But even for a extremely simple BNN and using the most advanced samplers MCMC can be inpractical. Note that this may change in the future with projects such as [NumPyro](https://github.com/pyro-ppl/numpyro)

### Recap of VI

We propose an approximate (simple) posterior $q_\nu(\theta)$ and optimize so that it looks similar to the actual posterior

We do this by maximizing a lower bound on the evidence

$$
\mathcal{L}(\nu) = \mathbb{E}_{q_\nu(\theta)}[ \log p(\mathcal{D}|\theta)] - \text{KL}[q_\nu(\theta)|p(\theta)]
$$

Then we use $q_\nu(\theta)$ as our replacement for $p(\theta|\mathcal{D})$ to calculate the **posterior predictive distribution**

$$
p(\mathbf{y}|\mathbf{x}, \mathcal{D}) = \int p(\mathbf{y}|\mathbf{x}, \theta) p(\theta| \mathcal{D}) \,d\theta
$$

In what follows we will see how to do this for the BNN using pyro

**Training the BNN: VI**

Once the model is specified we need to write a guide (approximate posterior). This can be done manually or using the automatic guides in `pyro.infer.autoguide`. Typically we would start with the simplest diagonal normal guide that assumes no correlation between the parameters of the BNN

Then we create an SVI object and call the `step` attribute of this object iteratively. We can evaluate the posteriors of the parameters and the predictive posterior using `pyro.infer.Predictive`

In [None]:
fig, ax = plt.subplots(1, 2, figsize=(10, 3), tight_layout=True, dpi=80)

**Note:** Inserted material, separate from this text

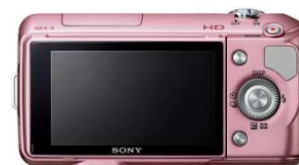
MOVIE (動画) ボタン

使いやすさを考慮した結果、ボタン数を最小限にし、項目選択や画面スクロールが容易なコントロールホイールを採用。携帯電話で広く使われているソフトキーの概念を取り入れ、場面ごとに用途が変わる2つのボタンで、さまざまな機能を直感的に操れます。さらに操作音にもこだわること、これまでの一眼カメラにはない、新しい操作感を手に入れました。

def update_plot(k, epoch_loss, samples):
    ax[0].cla()
    ax[0].plot(range(k), epoch_loss[:k])
    ax[0].set_yscale('log')
    ax[0].set_ylabel('ELBO')
    ax[1].cla()
    ax[1].plot(x, y, 'k.');
    med = np.median(samples, axis=[0])
    qua = np.quantile(samples, (0.05, 0.95), axis=0)
    ax[1].plot(x_test.numpy()[:, 0], med)
    ax[1].fill_between(x_test.numpy()[:, 0], qua[0], qua[1], alpha=0.5)
    fig.canvas.draw()

In what follows the neural network is trained for 1000 epochs and every 10 epochs the predictive posterior is plotted. The `mean` site is plotted (model uncertainty). To observe model plus data uncertainty plot the `obs` site

Note that the scale of the prior, the scale of the likelihood and the initial scale of the approximate posterior are sensible parameters

This is of course in in addition to the number of hidden units and the learning rate

In [None]:
# Turn this on for additional debugging
pyro.enable_validation(True) 
pyro.set_rng_seed(123)
pyro.clear_param_store() 
# Declare the neural network
model = BayesianMLPRegression(n_hidden=10, prior_scale=10) 

# Create a guide
from pyro.infer.autoguide import AutoDiagonalNormal
guide = AutoDiagonalNormal(model, init_scale=1e-2)

# Create SVI object
svi = pyro.infer.SVI(model, guide, 
                     optim=pyro.optim.ClippedAdam({'lr':1e-2, 'clip_norm': 10.0}), # Optimizer
                     loss=pyro.infer.TraceMeanField_ELBO(num_particles=1)) # Loss function 

epoch_loss = np.zeros(shape=(1000,))
for k in tqdm(range(len(epoch_loss))):
    loss = svi.step(x=x_torch, y=y_torch) # Actual training step
    epoch_loss[k] = loss / len(x_torch)
        
    if k % 10 == 0:
        # Compute predictive posterior
        predictive = pyro.infer.Predictive(model, guide=guide, num_samples=100)
        samples = predictive(x_test, None)['mean'].detach().numpy()
        # Plot it
        update_plot(k, epoch_loss, samples)        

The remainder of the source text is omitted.